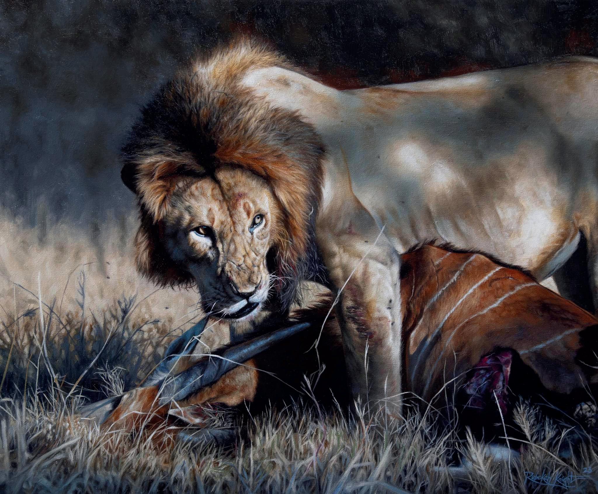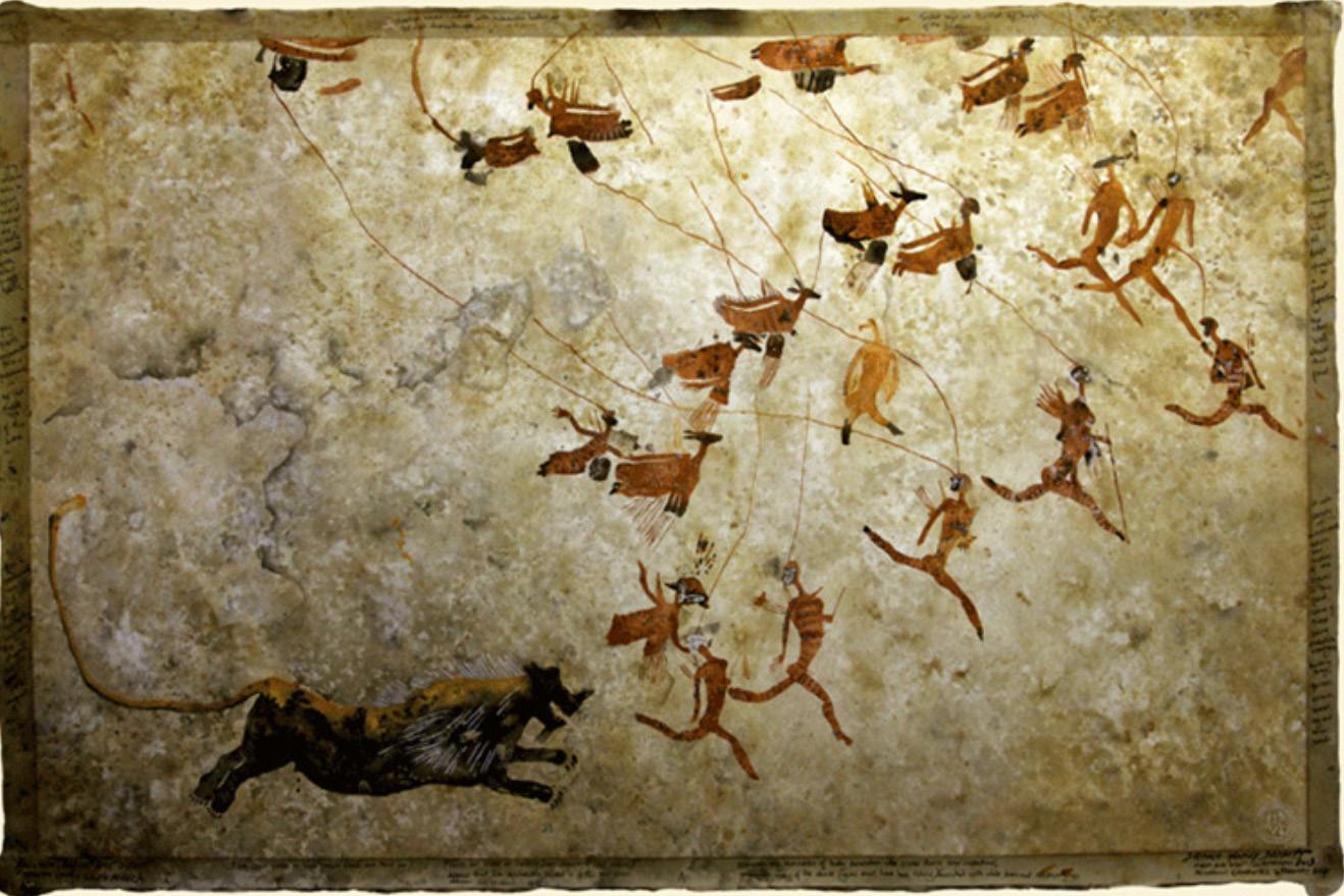 Stephen’s expertise in re-creating and documenting rock art has also influenced his wildlife artwork. He incorporates his knowledge of ancient paint-making techniques to infuse depth and texture into his canvases. To make his art even more engaging and meaningful, he adds animal spoor (tracks and signs) and includes descriptive text in the margins. These notes provide a glimpse into his artistic process and offer a deeper understanding of the animals he portrays. “When painting, I make notes in the margins of the canvas.
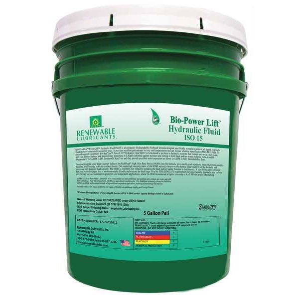 Oil, Hydraulic, Biodegradable Power Lift Hydraulic Fluid, Size 5 gal., Size/Net Weight 43 lb., Viscosity Index 185, ISO Viscosity Grade 15, Viscosity (SUS @ 100 F) 80, Viscosity (SUS @ 200 F) 38, Temp. Range -45 to 250 Degrees F, Flash Point (F) 370, Pour Point (F) -76
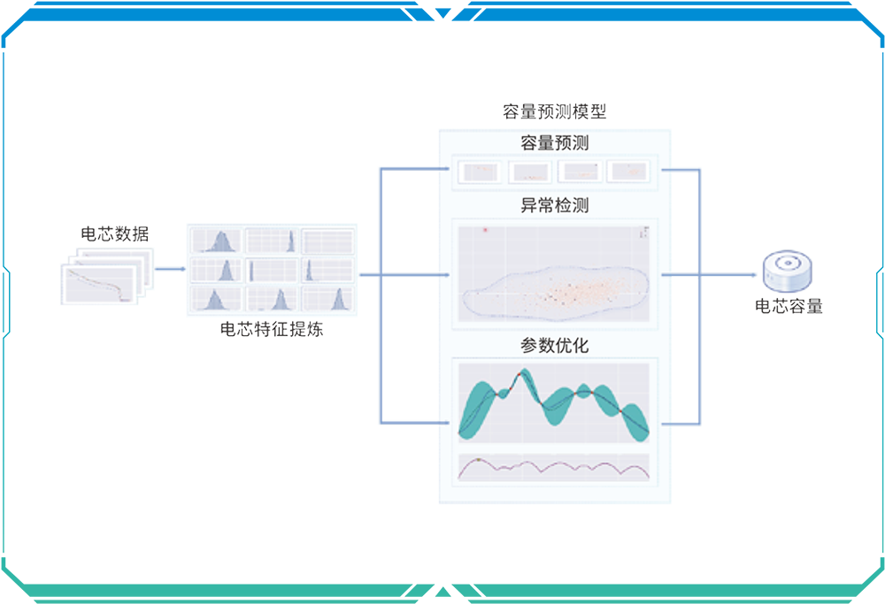 利用電芯部分容量的充放電曲線,基于AI大數(shù)據(jù)預(yù)算,預(yù)測(cè)出電芯容量完整的充放電曲線;系統(tǒng)包含電芯特征數(shù)據(jù)提取,離線大數(shù)據(jù)訓(xùn)練建模,在線重建預(yù)測(cè),迭代優(yōu)化模型等部分。平均預(yù)測(cè)精度≤0.2%,最大預(yù)測(cè)精度≤0.5%。
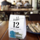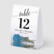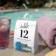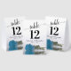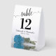 These tent signs will not only help your guests find their tables, they'll also make your wedding reception more beautiful. The design is both elegant and romantic featuring a single sky blue, turquoise, or azure coloured rose lying on its side reflecting in water with waves and ripples. The title is in lacy script calligraphy with bold numbers so your guests can easily find the right table. There is room for the names of the couple and the wedding date.
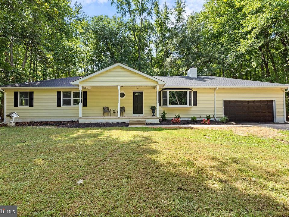 Welcome to this completely renovated 4BR/3BA sprawling rancher tucked into the landscape on a spacious 3.31 acre lot in Chesapeake City! Park on your newly paved driveway, just steps from the two-car garage and the covered front porch, and open the door into your forever home. Step inside a home filled with natural light, a crisp clean interior with a soft color palette, recessed and luxury lighting, LVP flooring, crown moldings, and so much more. The main living space boasts an open concept living room with a wood burning fireplace, a dining room with sliding doors to a screened in porch and a stunning kitchen. A door from the dining room gives you access to a mudroom with laundry, the garage, and the spacious yard. The kitchen features plenty of cabinets finished to the ceiling with crown moldings, stainless steel appliances, gas range/stove, sleek quartz countertops, and a deep stainless sink under a window. Down the hall, the first room is ideal as a home office. Then you have three similar sized secondary bedrooms all with spacious closets, a newly remodeled full bath, and a primary suite. The primary includes two walk-in closets, a third closet, and a private en-suite offering a double sink vanity, and a large walk-in shower. The newly carpeted lower level offers additional living space featuring a bonus room, a full bath, a large family room, storage space and access to the garage. From the screened in porch, access a newly seeded yard surrounded by trees, with acreage that offers so many possibilities! Additional major updates including a new roof, HVAC & water heater, gutters, french drain waterproofing system, updated electrical and plumbing, This home is located within 1 mile of all Bohemia Manor schools. Just minutes from Rt. 213, Rt 40, I-95 and tax free shopping in Delaware!
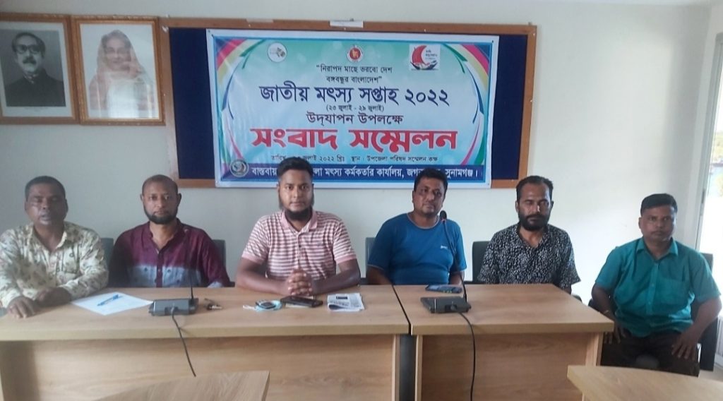 বাংলাদেশ মফস্বল সাংবাদিক সোসাইটির কেন্দ্রীয় যুগ্ন মহাসচিব, দৈনিক ভোরের কাগজ প্রতিনিধি রিয়াজ রহমান, জগন্নাথপুর প্রেসক্লাবের আহবায়ক কমিটির সদস্য দৈনিক নয়াদিগন্ত প্রতিনিধি মোঃ হুমায়ুন কবির, জগন্নাথপুর অনলাইন প্রেসক্লাবের সহ-সভাপতি মোঃ আব্দুল ওয়াহিদ, , সুনামকন্ঠ প্রতিনিধি মোঃ শাহজাহান মিয়া, অনলাইন প্রেসক্লাবের অর্থ সম্পাদক দৈনিক সিলেট বাণী প্রতিনিধি ও দৈনিক দেশ বাংলা টোয়েন্টিফোর ডটকমের সম্পাদক ও প্রকাশক হিফজুর রহমান তালুকদার জিয়া, দেশের কন্ঠ প্রতিনিধি বিল্পব দেবনাথ প্রমূখ। সংবাদ সম্মেলনে মৎস্য কর্মকর্তা আরো বলেন জাতীয় অর্থনৈতিক উন্নয়ন,আপামর জনগোষ্ঠীর পুষ্টি চাহিদা পূরণ, বৈদেশিক মুদ্রা অর্জন ও দারিদ্র বিমোচন ব্যাপক কর্মসংস্থানের সুযোগ সৃষ্টির লক্ষ্যে অপার সম্ভাবনাময় এই খাতের উন্নয়নে দেশের জনগণকে সচেতন করে মাছ চাষে উদ্ভুদ্ধ ও সম্পৃক্ত করার জন্য দেশব্যাপী জাতীয় মৎস্য সপ্তাহ ২০২২ উৎযাপন হতে যাচ্ছে।
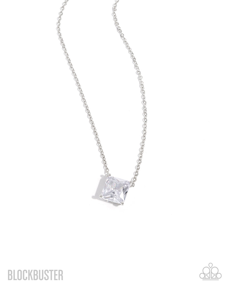 Featuring a timeless princess-style cut, a dramatic white cubic zirconia is pressed into sleek silver-pronged fittings below the neckline on a classic chain for a statement-making shimmery look. Features an adjustable clasp closure.
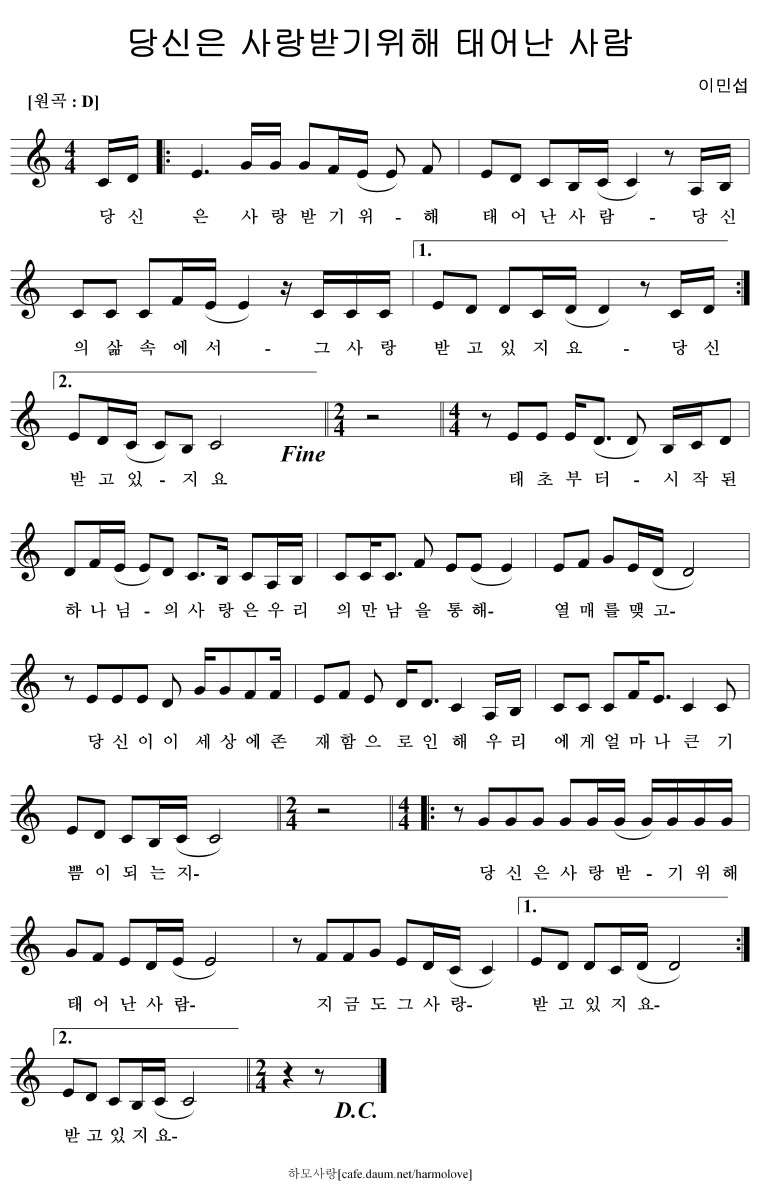 당신은 사랑 받기 위해 태어난 사람 악보 복음성가 음악
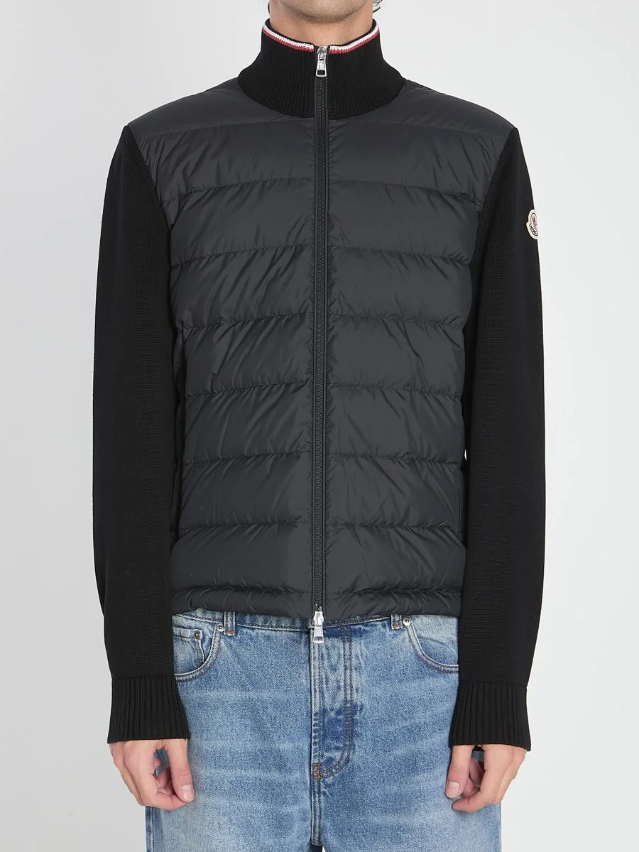 Padded cotton cardigan in black. Features a front panel with airsoft down padding, plain knit, fine wool gauge 7, collar with tricolor trim, zip fastening, zip pockets, and the iconic logo patch on the left sleeve. regular fit. The model is 188 cm tall and wears size M. Size nationality: INT Gender: Men Material: OUTER FRONT: 100% POLYETER; BASE FABRIC: 100% COTTON; FRONT LINING: 100% POLYESTER; FILLING: 90% GOOSE DOWN, 10% FEATHERS Color: Black Made in: Imported Product ID: 6262005 K20919B00003 M1367 999 *Import tax/duty will be calculated at checkout (If applicable)
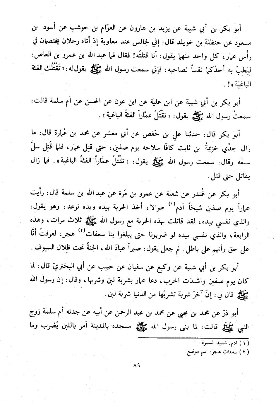 أبو بكر بن أبي شيبة عن يزيد بن هارون عن العوّام بن حوشب عن أسود بن مسعود عن حنظلة بن خويلد قال: إني لجالس عند معاوية إذ أتاه رجلان يختصمان في رأس عمار، كل واحد منهما يقول: أنا قتلته! فقال لهما عبد الله بن عمرو بن العاص:
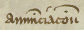 This is the sign indicating that an n or m has been left out. This scribe arches it, and adds a dot underneath the arch. It appears here in the word annunciatioun, 'Annunciation'. | ![]() |
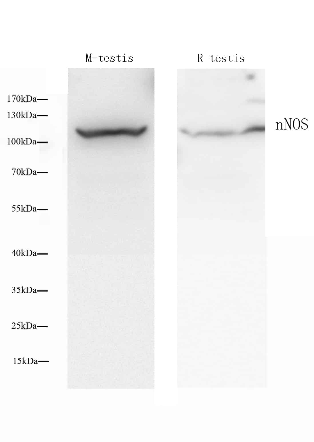 Western Blot analysis of various samples using NOS1 Polyclonal Antibody at dilution of 1:500.
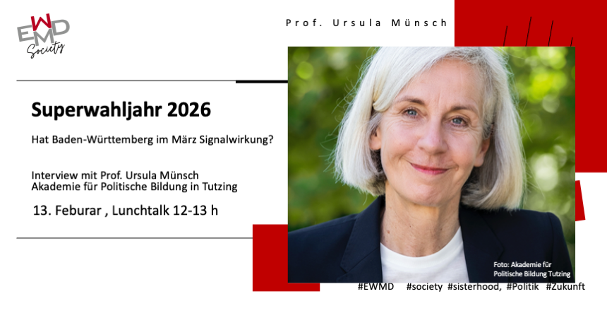 EWMD Society | Online Lunch mit Prof. Dr. Ursula Münch zur Landtagswahl im Baden-Württemberg und dem Superwahljahr 2026

____________________

* **DIRECTIONS**: Omitting the pictures, write out the material above exactly as it stands.

* **ANSWER AREA**:
 Stephen’s expertise in re-creating and documenting rock art has also influenced his wildlife artwork. He incorporates his knowledge of ancient paint-making techniques to infuse depth and texture into his canvases. To make his art even more engaging and meaningful, he adds animal spoor (tracks and signs) and includes descriptive text in the margins. These notes provide a glimpse into his artistic process and offer a deeper understanding of the animals he portrays. “When painting, I make notes in the margins of the canvas.
 Oil, Hydraulic, Biodegradable Power Lift Hydraulic Fluid, Size 5 gal., Size/Net Weight 43 lb., Viscosity Index 185, ISO Viscosity Grade 15, Viscosity (SUS @ 100 F) 80, Viscosity (SUS @ 200 F) 38, Temp. Range -45 to 250 Degrees F, Flash Point (F) 370, Pour Point (F) -76
 利用電芯部分容量的充放電曲線,基于AI大數(shù)據(jù)預(yù)算,預(yù)測(cè)出電芯容量完整的充放電曲線;系統(tǒng)包含電芯特征數(shù)據(jù)提取,離線大數(shù)據(jù)訓(xùn)練建模,在線重建預(yù)測(cè),迭代優(yōu)化模型等部分。平均預(yù)測(cè)精度≤0.2%,最大預(yù)測(cè)精度≤0.5%。
 These tent signs will not only help your guests find their tables, they'll also make your wedding reception more beautiful. The design is both elegant and romantic featuring a single sky blue, turquoise, or azure coloured rose lying on its side reflecting in water with waves and ripples. The title is in lacy script calligraphy with bold numbers so your guests can easily find the right table. There is room for the names of the couple and the wedding date.
 Welcome to this completely renovated 4BR/3BA sprawling rancher tucked into the landscape on a spacious 3.31 acre lot in Chesapeake City! Park on your newly paved driveway, just steps from the two-car garage and the covered front porch, and open the door into your forever home. Step inside a home filled with natural light, a crisp clean interior with a soft color palette, recessed and luxury lighting, LVP flooring, crown moldings, and so much more. The main living space boasts an open concept living room with a wood burning fireplace, a dining room with sliding doors to a screened in porch and a stunning kitchen. A door from the dining room gives you access to a mudroom with laundry, the garage, and the spacious yard. The kitchen features plenty of cabinets finished to the ceiling with crown moldings, stainless steel appliances, gas range/stove, sleek quartz countertops, and a deep stainless sink under a window. Down the hall, the first room is ideal as a home office. Then you have three similar sized secondary bedrooms all with spacious closets, a newly remodeled full bath, and a primary suite. The primary includes two walk-in closets, a third closet, and a private en-suite offering a double sink vanity, and a large walk-in shower. The newly carpeted lower level offers additional living space featuring a bonus room, a full bath, a large family room, storage space and access to the garage. From the screened in porch, access a newly seeded yard surrounded by trees, with acreage that offers so many possibilities! Additional major updates including a new roof, HVAC & water heater, gutters, french drain waterproofing system, updated electrical and plumbing, This home is located within 1 mile of all Bohemia Manor schools. Just minutes from Rt. 213, Rt 40, I-95 and tax free shopping in Delaware!
 বাংলাদেশ মফস্বল সাংবাদিক সোসাইটির কেন্দ্রীয় যুগ্ন মহাসচিব, দৈনিক ভোরের কাগজ প্রতিনিধি রিয়াজ রহমান, জগন্নাথপুর প্রেসক্লাবের আহবায়ক কমিটির সদস্য দৈনিক নয়াদিগন্ত প্রতিনিধি মোঃ হুমায়ুন কবির, জগন্নাথপুর অনলাইন প্রেসক্লাবের সহ-সভাপতি মোঃ আব্দুল ওয়াহিদ, , সুনামকন্ঠ প্রতিনিধি মোঃ শাহজাহান মিয়া, অনলাইন প্রেসক্লাবের অর্থ সম্পাদক দৈনিক সিলেট বাণী প্রতিনিধি ও দৈনিক দেশ বাংলা টোয়েন্টিফোর ডটকমের সম্পাদক ও প্রকাশক হিফজুর রহমান তালুকদার জিয়া, দেশের কন্ঠ প্রতিনিধি বিল্পব দেবনাথ প্রমূখ। সংবাদ সম্মেলনে মৎস্য কর্মকর্তা আরো বলেন জাতীয় অর্থনৈতিক উন্নয়ন,আপামর জনগোষ্ঠীর পুষ্টি চাহিদা পূরণ, বৈদেশিক মুদ্রা অর্জন ও দারিদ্র বিমোচন ব্যাপক কর্মসংস্থানের সুযোগ সৃষ্টির লক্ষ্যে অপার সম্ভাবনাময় এই খাতের উন্নয়নে দেশের জনগণকে সচেতন করে মাছ চাষে উদ্ভুদ্ধ ও সম্পৃক্ত করার জন্য দেশব্যাপী জাতীয় মৎস্য সপ্তাহ ২০২২ উৎযাপন হতে যাচ্ছে।
 Featuring a timeless princess-style cut, a dramatic white cubic zirconia is pressed into sleek silver-pronged fittings below the neckline on a classic chain for a statement-making shimmery look. Features an adjustable clasp closure.
 당신은 사랑 받기 위해 태어난 사람 악보 복음성가 음악
 Padded cotton cardigan in black. Features a front panel with airsoft down padding, plain knit, fine wool gauge 7, collar with tricolor trim, zip fastening, zip pockets, and the iconic logo patch on the left sleeve. regular fit. The model is 188 cm tall and wears size M. Size nationality: INT Gender: Men Material: OUTER FRONT: 100% POLYETER; BASE FABRIC: 100% COTTON; FRONT LINING: 100% POLYESTER; FILLING: 90% GOOSE DOWN, 10% FEATHERS Color: Black Made in: Imported Product ID: 6262005 K20919B00003 M1367 999 *Import tax/duty will be calculated at checkout (If applicable)
 أبو بكر بن أبي شيبة عن يزيد بن هارون عن العوّام بن حوشب عن أسود بن مسعود عن حنظلة بن خويلد قال: إني لجالس عند معاوية إذ أتاه رجلان يختصمان في رأس عمار، كل واحد منهما يقول: أنا قتلته! فقال لهما عبد الله بن عمرو بن العاص:
 This is the sign indicating that an n or m has been left out. This scribe arches it, and adds a dot underneath the arch. It appears here in the word annunciatioun, 'Annunciation'. | ![]() |
 Western Blot analysis of various samples using NOS1 Polyclonal Antibody at dilution of 1:500.
 EWMD Society | Online Lunch mit Prof. Dr. Ursula Münch zur Landtagswahl im Baden-Württemberg und dem Superwahljahr 2026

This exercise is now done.